Адъютант генерала, элегантный лейтенант, видел, как полковник Тарабас вошел в кабинет генерала, а через четверть часа вышел. Странным образом полковник нес в руках большой сверток, который не пожелал отдать. Любопытным офицерам, ожидавшим генерала в приемной, адъютант, увы, не мог ничего сообщить о разговоре полковника с Лакубайтом.
Офицеры козырнули, когда Тарабас уходил.
Он подозвал адъютанта и сказал:
— Мой конь стоит внизу. Через несколько дней я его заберу. Прикажите позаботиться о нем до тех пор.

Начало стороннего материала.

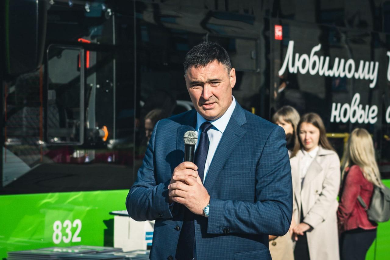 Мэр Иркутска Руслан Болотов на фоне муниципального автобуса. Проезд в таком транспорте подорожает с 1 января 2026 года.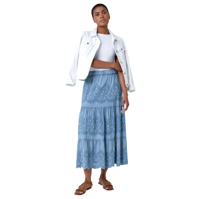 Roman Originals Broderie Tiered Stretch Midi Skirt for Women UK Ladies Everyday Holiday Spring Summer Comfy Soft Evening Vacation Work Party Denim Size 20

Тарабас покинул дом, немного постоял у ворот, решил пойти налево и зашагал по широкой улице, прямиком на запад, пока не вышел в поля. Сел на обочину, развернул сверток, снял мундир, надел цивильное платье Кристианполлера, обшарил карманы своего мундира, забрал оттуда только нож да бороду Шемарьи, сунул то и другое в карман пиджака, аккуратно сложил мундир, бросил на него Последний взгляд, а затем зашагал по прямой дороге, которая в дальней дали словно вливалась в блеклый, далекий горизонт.
XXII
Много бродяг скитается по дорогам восточных стран. Живут они людской милостью и состраданием. Дороги там скверные, и ноги быстро устают, халупы нищие, места в них мало, но сердца людей добры, хлеб черен и ядрен, а двери отворяются быстрее. Даже теперь, после великой войны и великой революции, хотя машины начали свой зловещий, стальной, неуклонный поход на восток Европы, люди по-прежнему сочувствуют чужой беде. Глупцы да простофили опять же понимают беду ближнего быстрее и лучше, чем в иных местах мудрецы да умники. Пока что не все дороги вымощены асфальтом. Законы и причуды погоды, времен года и почв определяют и меняют вид и состояние дорог. В маленьких хибарках, тулящихся к лону земли, люди так же близки к ней, как и к небу. Да, само небо нисходит там к земле и к людям, тогда как в других местах, где дома устремлены к нему, оно словно бы становится все выше и все дальше. Далеко друг от друга, разбросанные по стране, лежат деревни. Городишки и города редки, зато тракты и проселки оживленнее. Множество людей постоянно в пути. Их беда и их свобода — родные сестры. Один бродяжит, потому что нет у него дома; другой — потому что не находит покоя; третий — потому что не желает его или дал обет бежать покоя; четвертый — потому что любит дороги и чужие, незнакомые дома. Правда, и в восточных краях уже начали бороться с попрошайками и бродягами. Кажется, будто для неугомонности машин и фабрик, для ненадежности людей с седьмого этажа, для непостоянства якобы постоянного уже невыносимо равномерное, честное и спокойное движение добрых, бесцельных странников. Куда идешь, чего тебе там надо? Почему ты пустился в дорогу? Как получается, что ты ведешь единоличную жизнь, тогда как мы, остальные, терпим коллективную? Ты что же, лучше нас?! Ты другой?!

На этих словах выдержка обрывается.